Recursive URL Loader

We may want to process load all URLs under a root directory. 我们可能希望处理加载根目录下的所有URL。

For example, let's look at the Python 3.9 Document. 例如,让我们来看看Python 3.9文档

This has many interesting child pages that we may want to read in bulk. 这个文档有很多有趣的子页面,我们可能希望批量阅读。

Of course, the WebBaseLoader can load a list of pages. 当然,WebBaseLoader可以加载页面列表。

But, the challenge is traversing the tree of child pages and actually assembling that list! 但是,挑战在于遍历子页面的树,并实际组装该列表!

We do this using the RecursiveUrlLoader. 我们使用RecursiveUrlLoader来实现这一点。

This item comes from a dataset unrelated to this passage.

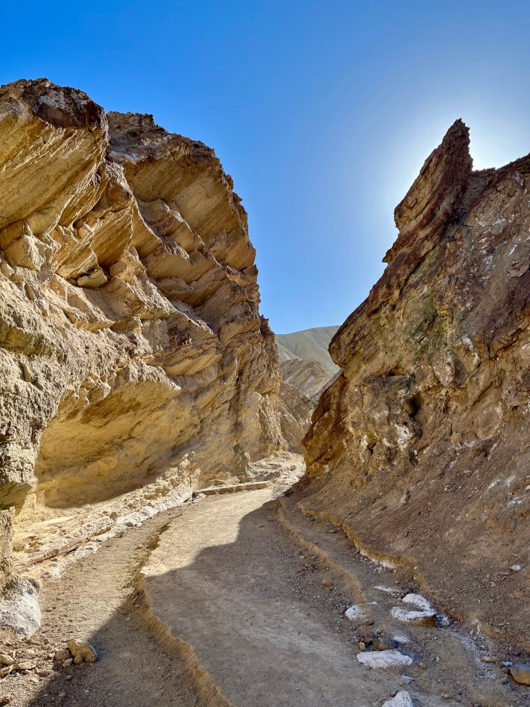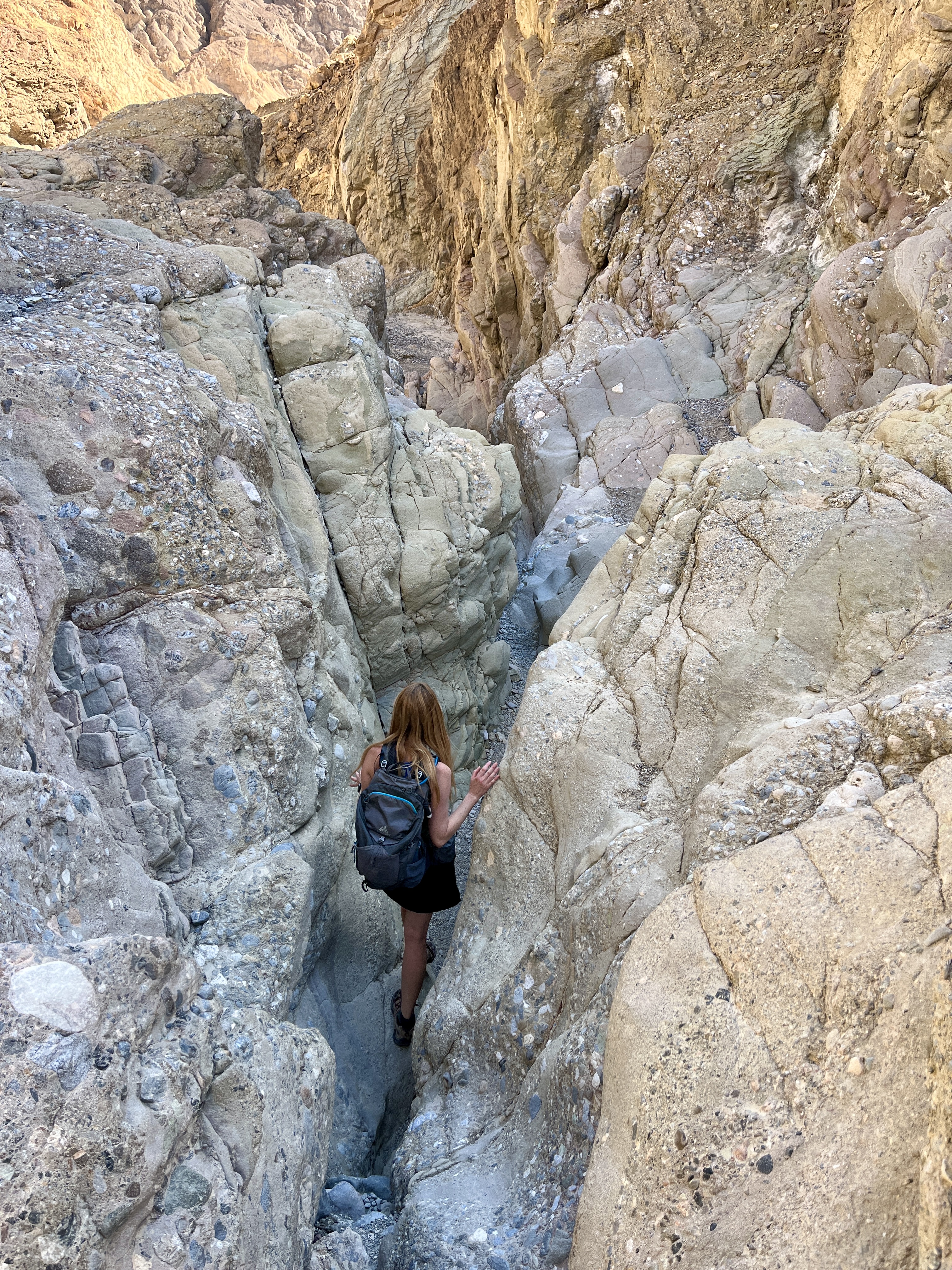 Both of us agree this was our favorite hike in the park. The sheer diversity of what you will see is impressive. Hiking through canyons, along the towering walls of Red Cathedral and Manly Beacon, views overlooking the winding canyons and into Badwater Basin. It gives an excellent taste of what Death Valley has to offer. We loved it, weary feet and all.

This also gives us the flexibility to exclude some children, customize the extractor, and more. 这还使我们能够灵活地排除一些子页面、自定义提取器等等。

参数 (Parameters)

  • url: str, the target url to crawl.
  • exclude_dirs: Optional[str], webpage directories to exclude.
  • use_async: Optional[bool], wether to use async requests, using async requests is usually faster in large tasks. However, async will disable the lazy loading feature(the function still works, but it is not lazy). By default, it is set to False.
  • extractor: Optional[Callable[[str], str]], a function to extract the text of the document from the webpage, by default it returns the page as it is. It is recommended to use tools like goose3 and beautifulsoup to extract the text. By default, it just returns the page as it is.
  • max_depth: Optional[int] = None, the maximum depth to crawl. By default, it is set to 2. If you need to crawl the whole website, set it to a number that is large enough would simply do the job.
  • timeout: Optional[int] = None, the timeout for each request, in the unit of seconds. By default, it is set to 10.
  • prevent_outside: Optional[bool] = None, whether to prevent crawling outside the root url. By default, it is set to True.
from langchain.document_loaders.recursive_url_loader import RecursiveUrlLoader

Let's try a simple example.

让我们尝试一个简单的例子。

from bs4 import BeautifulSoup as Soup

url = "https://docs.python.org/3.9/"
loader = RecursiveUrlLoader(url=url, max_depth=2, extractor=lambda x: Soup(x, "html.parser").text)
docs = loader.load()
docs[0].page_content[:50]
    '\n\n\n\n\nPython Frequently Asked Questions — Python 3.'
docs[-1].metadata
    {'source': 'https://docs.python.org/3.9/library/index.html',
'title': 'The Python Standard Library — Python 3.9.17 documentation',
'language': None}

However, since it's hard to perform a perfect filter, you may still see some irrelevant results in the results. You can perform a filter on the returned documents by yourself, if it's needed. Most of the time, the returned results are good enough.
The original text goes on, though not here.